HOW TO COMPLETE THIS TASK » Print every line from the start of the data, and when you reach the line with "With basic silhouettes", include it and stop. Pictures are not part of the copy.

━━━━━ RECORDS SHOWN ━━━━━

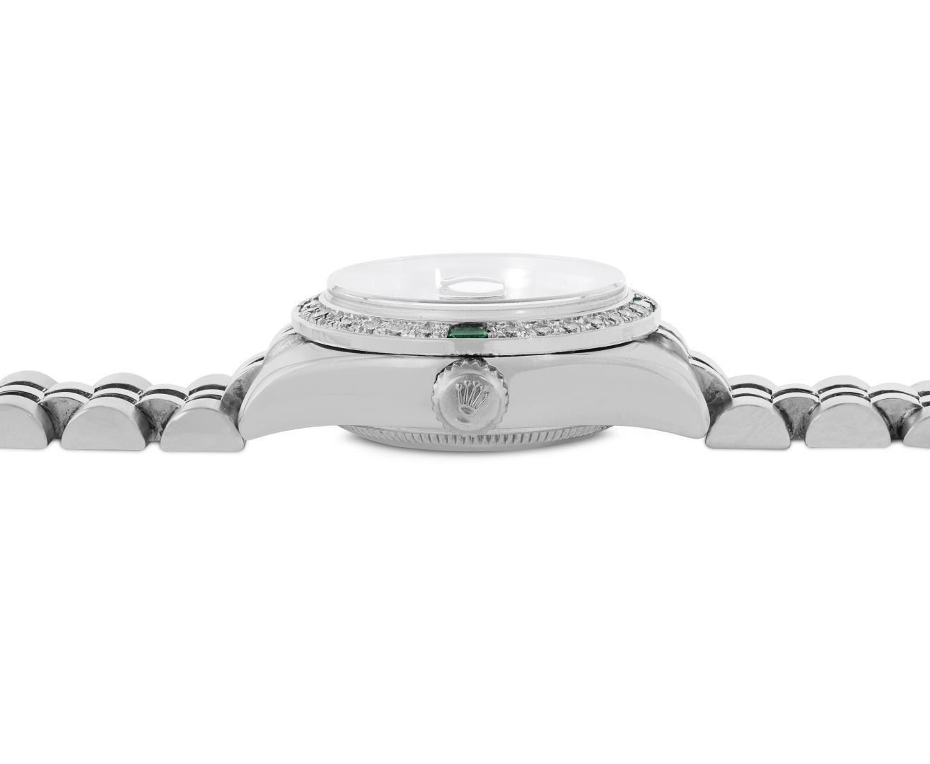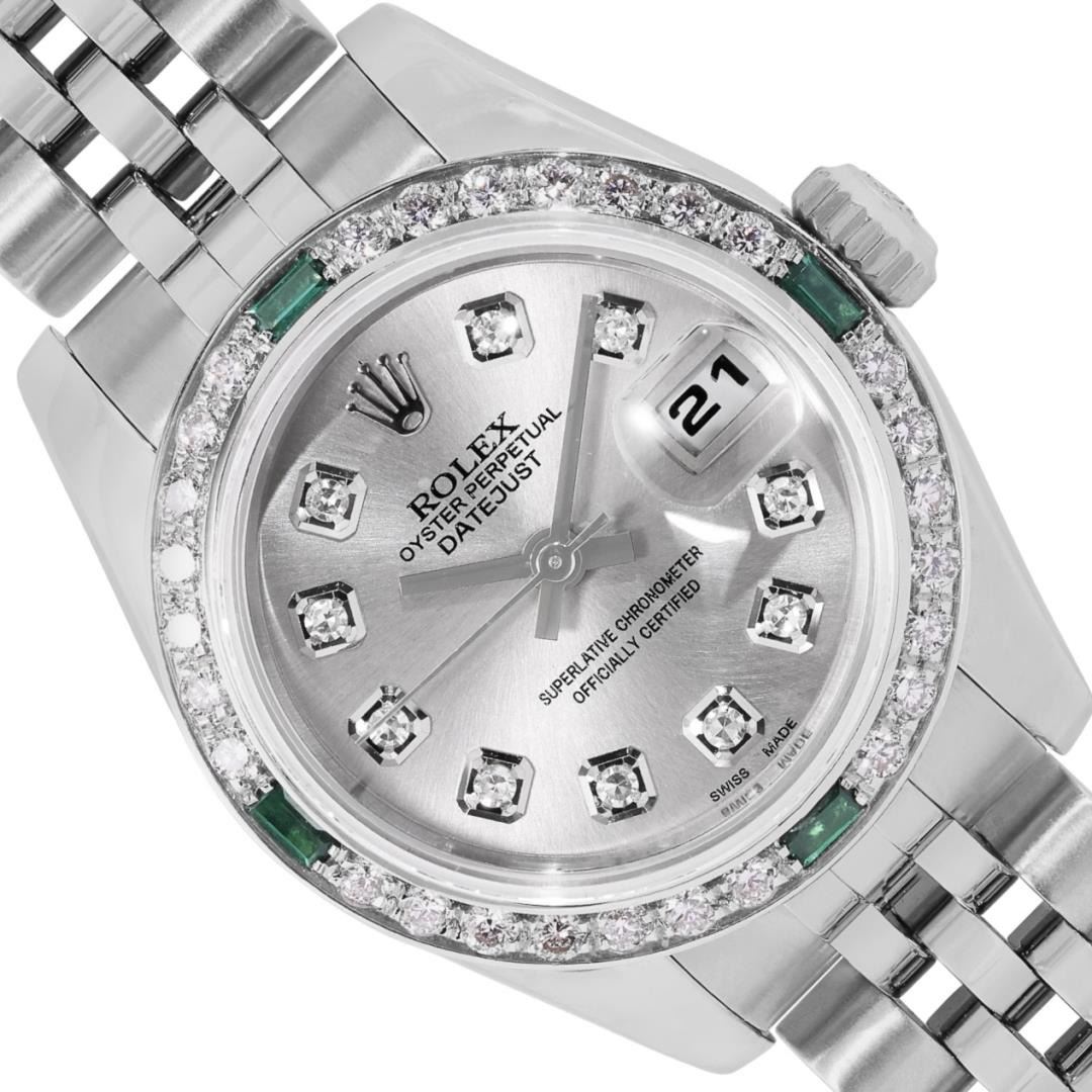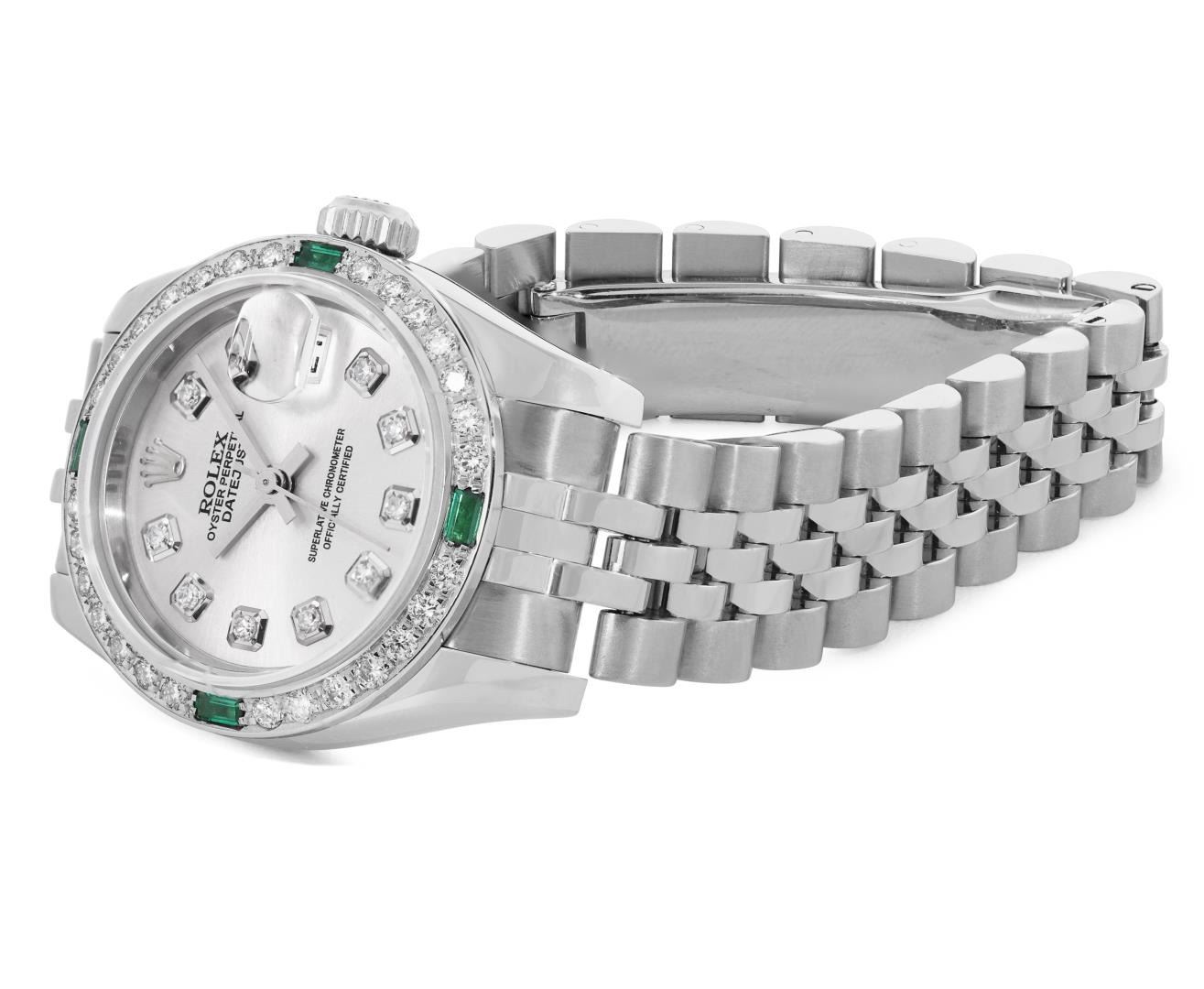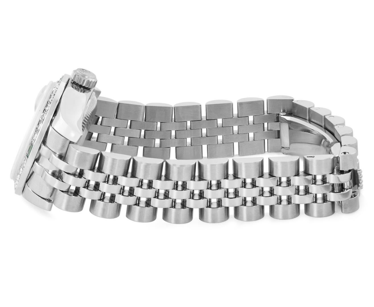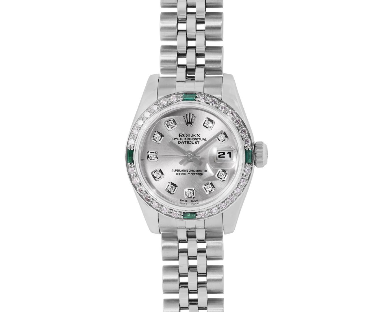 One Rolex Ladies Rolex Quickset Pre Owned Stainless Steel Datejust Wristwatch Polished Bright with Satin Finish, Serviced And Electronically Tested, Stainless Steel Case: 26mm, Stainless Steel Crown, Custom Bezel: New 18K White Gold Beadset Diamond And Emerald Bezel, Diamond + Stone Count: 28 Diamonds + 4 Emeralds. Crystal: Sapphire With Magnified Date Window. Hands: Non Luminescent Hands. Rolex Movement: 2235 Automatic Winding Movement 2235. Custom Dial: Custom Silver Dial With Added Diamond Hour Markers, Diamond Count: 10 Diamonds On Dial. Date Window: 3 O'Clock Position Date Display, Model: Quickset Datejust. Condition: G-6 Extra Fine. Rolex Bracelet: Stainless Steel Jubilee Band. Bright Polish And Satin Finish. 6.0 Inch Length, Adjustable. Hidden Clasp, With Rolex Logo. This Watch Has Been Serviced And Time Tested. It Is In Excellent Condition, Free Of All Scratches And Dents. This Watch Comes With A Rolex Box.
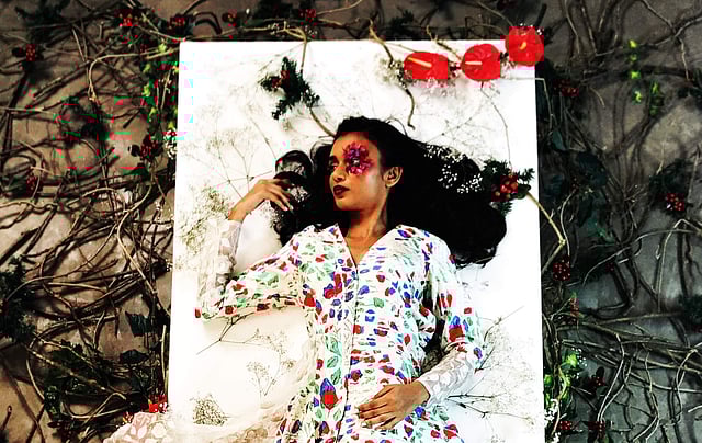 With basic silhouettes in play, expect to find a range of kurtas, crop tops, trousers, capes, and striped saris with bomber jackets. “The collection at Evoluzione will include simpler versions of their fashion week line, where heavy embroidery is replaced with printed replicas,” says the Kolkata-based designer. While the installation at the LFW did not feature a show-stopper, one standout piece from the collection is a gown that the designers made for transgender model Anjali Lama. “It was our first structured gown. Made of organza silk, the garment is primarily print-based with petal embroidery on the bust and has a deep v-neck,” he explains.
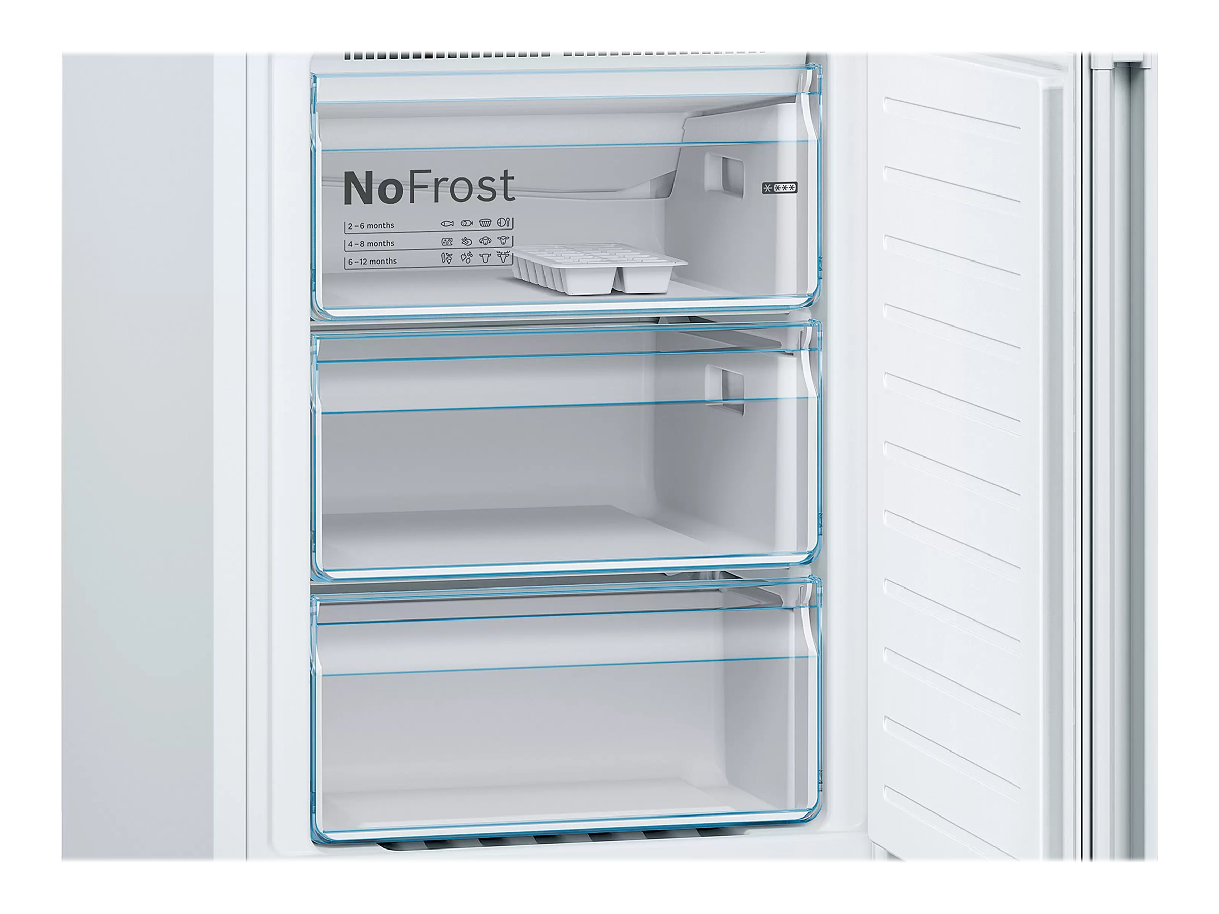 Køle-/fryseskab med NoFrost og VitaFresh. Du slipper for at afrime fryseren og med den praktiske VitaFresh skuffe holdes frugt og grønt frisk i længere tid.
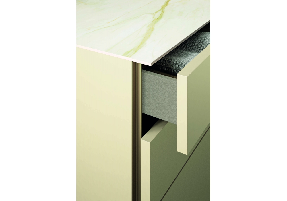 Lama designed by Dall'Agnese is a bedside table characterized by a solid structure in wood particle board, available in melamine, lacquered or painted wood veneer finish. The fronts maintain the same level of quality and finish. The top is available in two variants: stoneware, with randomly cut slabs for a unique effect, or in wood, ensuring elegance and resistance. The drawers, with an internal leather effect, slide on high-sliding metal guides with "Blumotion" soft closing. The opening system occurs via a lateral aluminum groove, while the base is supported by adjustable concealed metal feet.
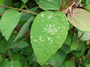 写真はカツラの葉にあったヨコバイの吸汁跡ですが、カツラのほか、バラの葉でも見られました。
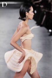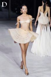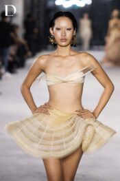 Thiết kế mang phom dáng sắc lạnh và cấu trúc mạnh mẽ, được dựng trên nền tafta và lưới cứng để tạo độ đứng phom đặc trưng. Set áo ngực kết hợp chân váy xòe bất đối xứng mang lại hiệu ứng thị giác dứt khoát và hiện đại. Mặt dưới chân váy được đính pha lê, tạo ánh phản quang tinh tế khi chuyển động, giúp tổng thể nổi bật trên runway.
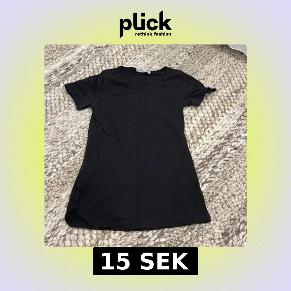Enkel svart t-shirt från Tribute i storlek S. Modellen är klassisk med rund halsringning och korta ärmar.
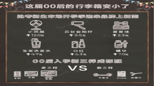 跟80后、90后相比,00后的开学的行李箱 “缩小”了,他们不用自己带去十三水游戏 。天猫数据显示,小于24英寸的登机行李箱在开学前夕迎来一波销售高峰。许多大一新生开学人未到,包裹已经“先声夺人”,在开学前夕,天猫上的被褥、毛毯、换季衣服销量也水涨船高。这些订单的收件地址中,高校占据了很大比例。
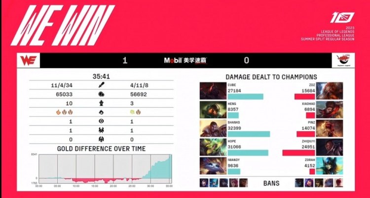 【35:06】WE推掉中路高地转上,pinz安妮在侧面想开团吃到Heng泰坦一钩直接被秒!进场的Xiaohao猴子也没能幸免,Hope泽丽带猫双杀!WE打出0换2之后直接推家拿下首局比赛!
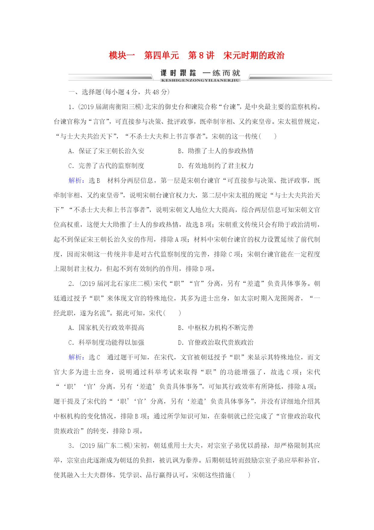 模块一第四单元第8讲宋元时期的政治一、选择题(每小题4分,共48分)1.(2019届湖南衡阳三模)北宋的御史台和谏院合称“台谏”,是中央最主要的监察机构。台谏官称为“言官”,可直接参与决策、批评政事,既牵制宰相、又约束皇帝。宋太祖曾规定,“与士大夫共治天下”,“不杀士大夫和上书言事者”。宋朝的这一传统()A.保证了宋王朝长治久安B.助推了士人的参政热情C.完善了古代的监察制度D.有效地制约了君主权力解析:选B材料分两层信息,第一层是宋朝台谏官“可直接参与决策、批评政事,既牵制宰相、又约束皇帝”,说明宋朝台
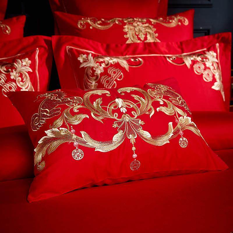 推荐理由:正品大红致纯棉小抱枕带色芯精婚刺绣结床品子孙枕婚庆配件 可拆
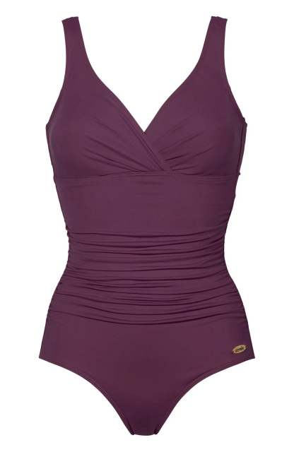Baddräkt Fiona med inbyggd bystsupport och mjuk vaddering för ökad komfort. Den har eleganta draperingar över bysten och magen. Powernet framtill ger en slankande effekt, vilket skapar en smickrande passform.
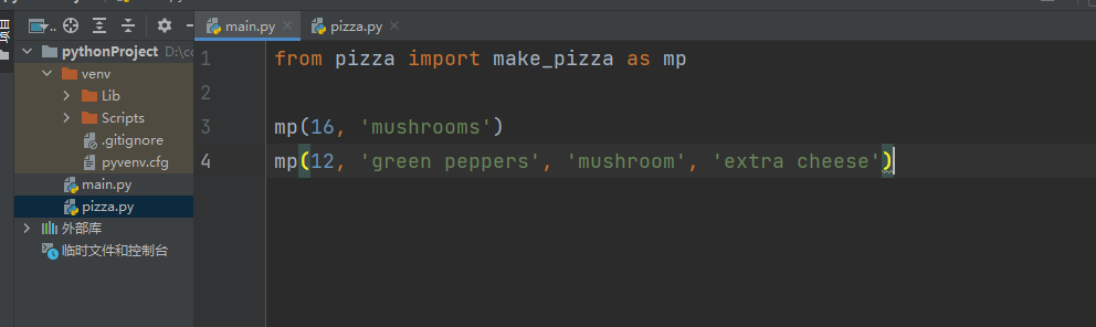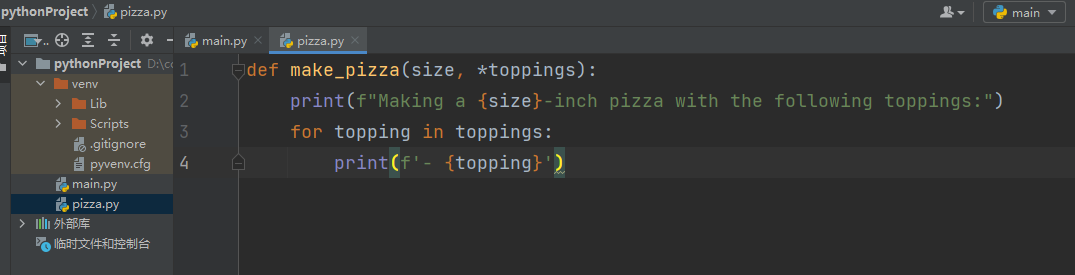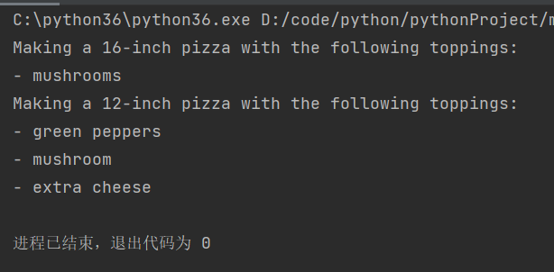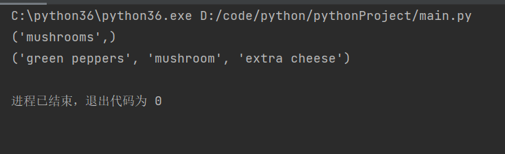 形参名 *toppings中的星号让python创建一个名为toppings的元组,
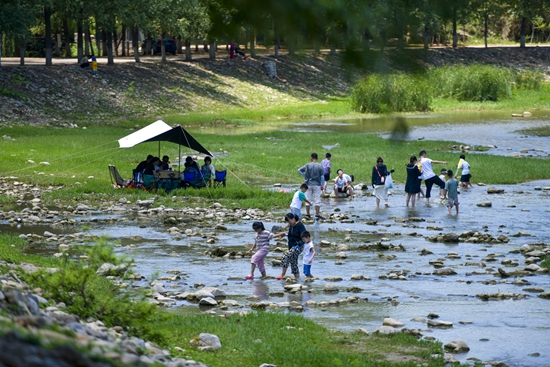 2024年7月6日,山东济南,游人沿溪流露营享受清凉一“夏”。视觉中国供图
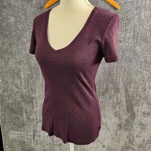 GAP Womens Plum V Neck Short Sleeve Basic T Shirt Top Size M
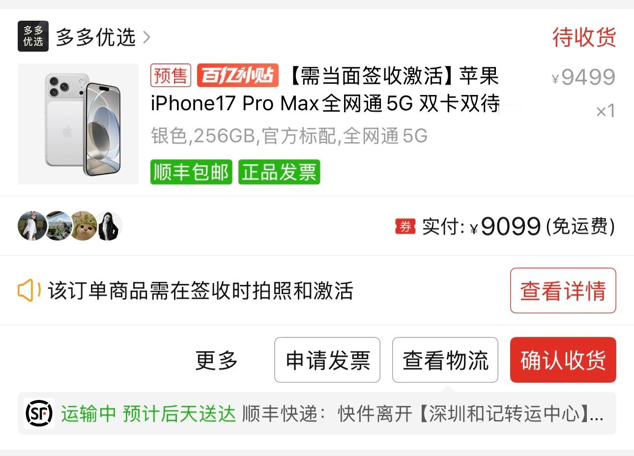 听说我在并夕夕百亿补贴9099买的iPhone 17 Pro Max发货了。[柯

━━━━━

ANSWER »
 One Rolex Ladies Rolex Quickset Pre Owned Stainless Steel Datejust Wristwatch Polished Bright with Satin Finish, Serviced And Electronically Tested, Stainless Steel Case: 26mm, Stainless Steel Crown, Custom Bezel: New 18K White Gold Beadset Diamond And Emerald Bezel, Diamond + Stone Count: 28 Diamonds + 4 Emeralds. Crystal: Sapphire With Magnified Date Window. Hands: Non Luminescent Hands. Rolex Movement: 2235 Automatic Winding Movement 2235. Custom Dial: Custom Silver Dial With Added Diamond Hour Markers, Diamond Count: 10 Diamonds On Dial. Date Window: 3 O'Clock Position Date Display, Model: Quickset Datejust. Condition: G-6 Extra Fine. Rolex Bracelet: Stainless Steel Jubilee Band. Bright Polish And Satin Finish. 6.0 Inch Length, Adjustable. Hidden Clasp, With Rolex Logo. This Watch Has Been Serviced And Time Tested. It Is In Excellent Condition, Free Of All Scratches And Dents. This Watch Comes With A Rolex Box.
 With basic silhouettes in play, expect to find a range of kurtas, crop tops, trousers, capes, and striped saris with bomber jackets. “The collection at Evoluzione will include simpler versions of their fashion week line, where heavy embroidery is replaced with printed replicas,” says the Kolkata-based designer. While the installation at the LFW did not feature a show-stopper, one standout piece from the collection is a gown that the designers made for transgender model Anjali Lama. “It was our first structured gown. Made of organza silk, the garment is primarily print-based with petal embroidery on the bust and has a deep v-neck,” he explains.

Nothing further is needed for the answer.